Start the Week
- Genre: Discussion
- Running time: Approx. 43 minutes
- Country of origin: United Kingdom
- Language: English
- Home station: BBC Radio 4
- Hosted by: Tom Sutcliffe
- Original release: April 1970 – present
- Website: www.bbc.co.uk/programmes/b006r9xr
- Podcast: www.bbc.co.uk/sounds/brand/b006r9xr

= Start the Week =

BBC Radio 4 discussion programme

Start the Week is a discussion programme that is broadcast on BBC Radio 4 and began in April 1970. The current presenter is Tom Sutcliffe. Previous regular presenters have been Richard Baker, Russell Harty, Melvyn Bragg, Jeremy Paxman and Andrew Marr.

It is broadcast (usually) live on Monday mornings between 9:02 am and 9:45 am, and is repeated in a shortened, edited version at 9:30 pm the same evening. Its guests typically come from the worlds of politics, journalism, science and the arts. Prior to Marr, the programme had a number of regular secondary presenters, including Ken Sykora, Kenneth Robinson (who began in 1971 during the Baker era), Rosie Boycott, Catherine Bennett and Lisa Jardine.

==History==
===Richard Baker (1970-1987)===
The original programme differed from its current form; for the first year or so it was entirely pre-recorded. Produced by Michael Ember, a flamboyant producer from the BBC Hungarian Service, the 1970 show was supposed to be intelligent banter on a weekly theme, held together in a jocular fashion by Richard Baker, a well-known television newsreader.

If that week contained Valentine's Day, for example, the show would start with some hints as to proper behaviour for that day, a bit of history, then a tape recorded by Doug Crawford, a former pirate radio DJ, consisting of a montage of music, archive recordings, opinions recorded on the street and the like, presenting the public's image of the day in question.

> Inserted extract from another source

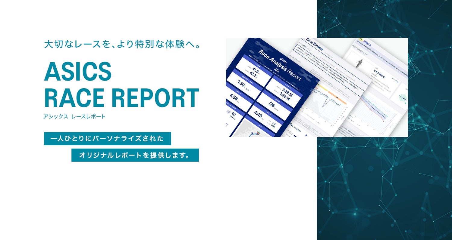 レース中のランニングフォームなどの計測データをもとに、一人ひとりのランナーにパーソナライズされた分析結果を提供するデジタルサービス「ASICS RACE REPORT」を展開

After eight minutes or so, the programme returned to the live studio for anecdotes and discussion from a variety of guests. Regulars included Lance Percival, a satirist from TV shows of the time who sang the Start the Week intro theme as a topical calypso, cookery with Zena Skinner.

The programme had a regular following but was thought to be too light-hearted and irreverent for 9.00am on Monday mornings by a new Director of Programmes.

===Russell Harty (1987-1988)===
The programme turned towards being a chat show during Harty's year in the chair; Melvyn Bragg, a friend of Harty's, first appeared on the programme as a substitute presenter before illness led to Harty's death in 1988.

===Melvyn Bragg (1988-1998)===
After Harty's death, several presenters were tried out, including Kate Adie, Sue Lawley, George Melly and Melvyn Bragg. During Bragg's tenure the programme gained "a new reputation for gravitas"; and also a larger audience, which by 1996 was "at one to one and a half million, slightly more than the far more middle-brow programmes such as Midweek, Desert Island Discs and Loose Ends, which occupy the slot on other days."

According to The Independent newspaper, "rows, however innocuous some of them seemed at the time, have become a trademark under Bragg: among the most notable have been Ben Elton vs Brenda Maddox, Rosie Boycott and Bragg vs novelist Kathy Lette, Armistead Maupin vs Libby Purves, and Bragg himself vs (separately) Joan Smith, Michael Dobbs, William Cash, Tony Parsons and Jean Aitchison.

The programme's prominence in BBC Radio 4's schedule meant that Bragg's elevation to the House of Lords as a life peer necessitated his relinquishing of involvement in the programme.

===Jeremy Paxman (1998-2002)===

Jeremy Paxman's tenure was relatively short for a broadcaster of his stature because his aggressive style of interviewing was not considered compatible with the programme.

===Andrew Marr (2002-2020)===

Andrew Marr took over as the programme's presenter in 2002. Occasional stand-in presenters in recent years have included David Baddiel and Sue MacGregor. In January 2013, Marr suffered a stroke and went on sabbatical from the show, though he did chair a one-off episode in November and several episodes in December 2013. He thereafter returned as the presenter of the show, but not on a full-time basis. Since 2013, Marr has alternated with various presenters, currently Tom Sutcliffe, Kirsty Wark, Adam Rutherford and Amol Rajan.

==Awards==
Start the Week won the Best Radio Programme category in the 1994 and 2005 Voice of the Listener & Viewer Awards, and is only the second programme to win the award twice.